• _Problem statement_:
The answer consists solely of the lines running from the one with "I then went" through the final line below, transcribed exactly and without any pictures.

[Data records]
################
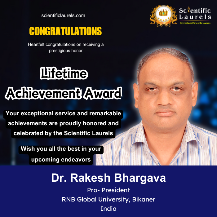 Dr. Rakesh Bhargava’s illustrious career and significant contributions to agricultural science and innovation make him a deserving candidate for the Lifetime Achievement Award in Scientific Laurels. His dedication to research excellence, innovative problem-solving, and academic leadership exemplify the qualities of a true scientific pioneer.
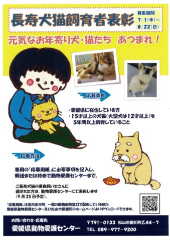 愛媛県動物愛護センターより「長寿犬猫飼育者表彰」と「ペット写真コンクール」の募集を行っています。
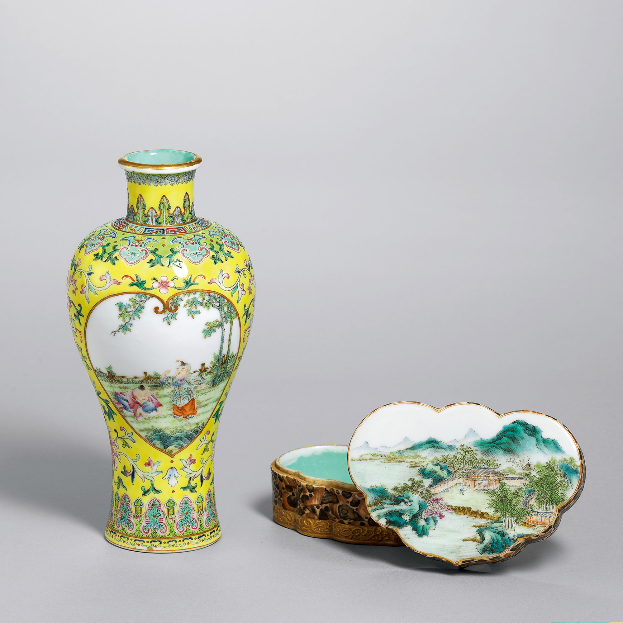 黃地粉彩開光嬰戲瓶 粉彩山水圖紋如意盒
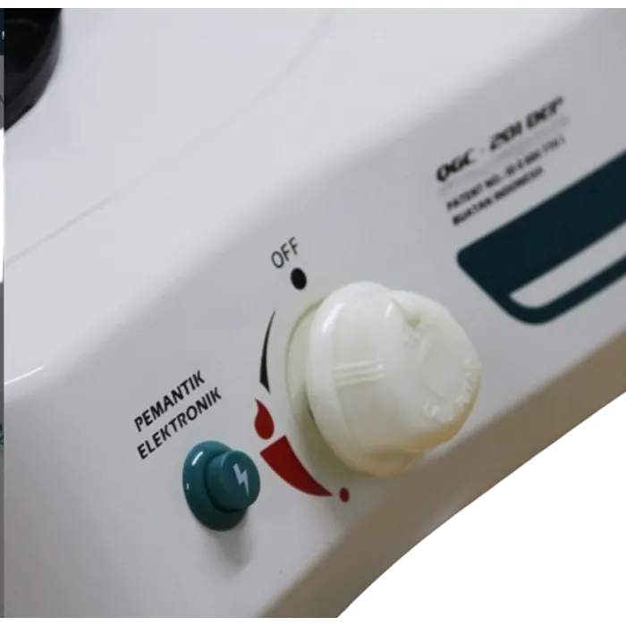 Dilengkapi tombol pemantik electrik sehingga dalam penyalaan kompor gas tinggal nut langsung nyala. Untuk power pemantik electrik tersebut menggunakan 2 buah baterai.
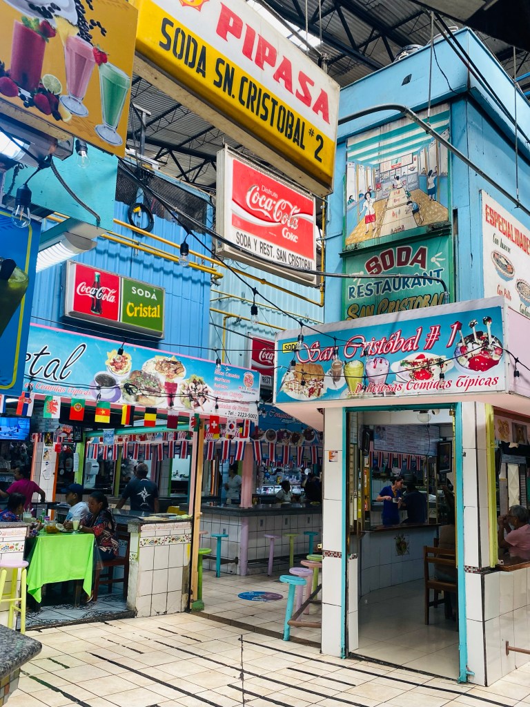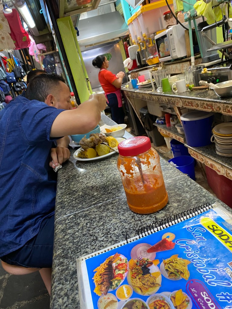 I then went off to the Central Market which is a big covered building with hundreds of stalls selling anything you can think of – clothes, meat, pets, herbal medicine and then lots of little cafes (they call them sodas) that you sit at the counter and eat at. I order what I thought was a rolled potato bread but turned out to be potatoes cooked in a sauce with a few tortilla chips – delicious though!
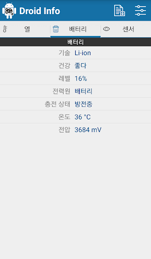 -배터리: 배터리 양, 현재 사용량, 전력원, 온도 그리고 볼트
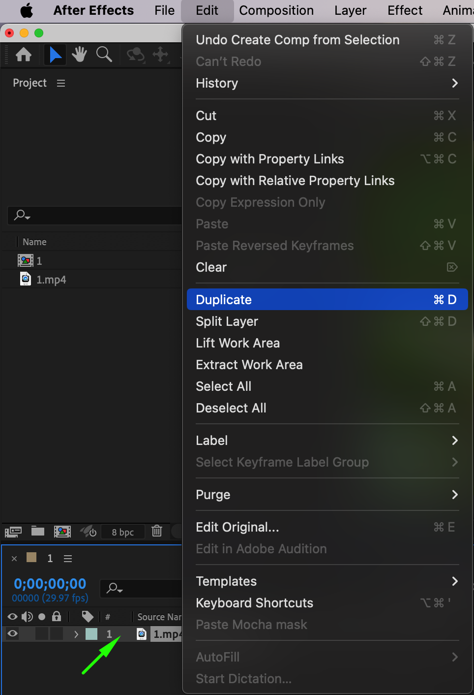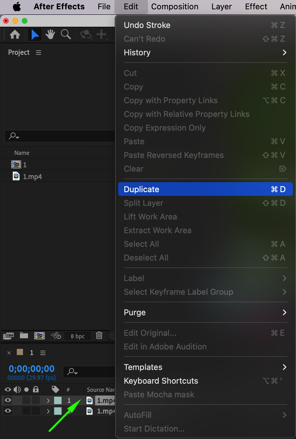 To prepare for isolating the subject, duplicate the layer by selecting it in the timeline and pressing “Ctrl/Cmd + D”. This creates a copy that you will use to apply different effects.
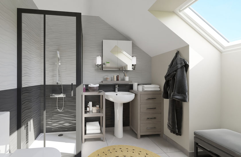 Cette maison à combles aménagés d’une surface totale de 76 m2 est construite sur vide sanitaire. Elle propose au rez-de-chaussée un séjour-cuisine de 34 m2, un WC et d’un garage intégré de plus de 14 m2 donnant accès à l’entrée de la maison. L’espace nuit se situe à l’étage. Il se compose de 3 chambres de plus de 9 m2 et d’une salle d’eau avec possibilité d’installer un WC. A noter, le garage est compatible avec un futur aménagement intérieur (hors point d’eau). Les menuiseries sont en PVC de couleur blanche, les volets sont quant à eux en bois prépeints en blanc. Plusieurs couleurs d’enduit extérieur sont proposées.
################
• _Answer space_:
 I then went off to the Central Market which is a big covered building with hundreds of stalls selling anything you can think of – clothes, meat, pets, herbal medicine and then lots of little cafes (they call them sodas) that you sit at the counter and eat at. I order what I thought was a rolled potato bread but turned out to be potatoes cooked in a sauce with a few tortilla chips – delicious though!
 -배터리: 배터리 양, 현재 사용량, 전력원, 온도 그리고 볼트
 To prepare for isolating the subject, duplicate the layer by selecting it in the timeline and pressing “Ctrl/Cmd + D”. This creates a copy that you will use to apply different effects.
 Cette maison à combles aménagés d’une surface totale de 76 m2 est construite sur vide sanitaire. Elle propose au rez-de-chaussée un séjour-cuisine de 34 m2, un WC et d’un garage intégré de plus de 14 m2 donnant accès à l’entrée de la maison. L’espace nuit se situe à l’étage. Il se compose de 3 chambres de plus de 9 m2 et d’une salle d’eau avec possibilité d’installer un WC. A noter, le garage est compatible avec un futur aménagement intérieur (hors point d’eau). Les menuiseries sont en PVC de couleur blanche, les volets sont quant à eux en bois prépeints en blanc. Plusieurs couleurs d’enduit extérieur sont proposées.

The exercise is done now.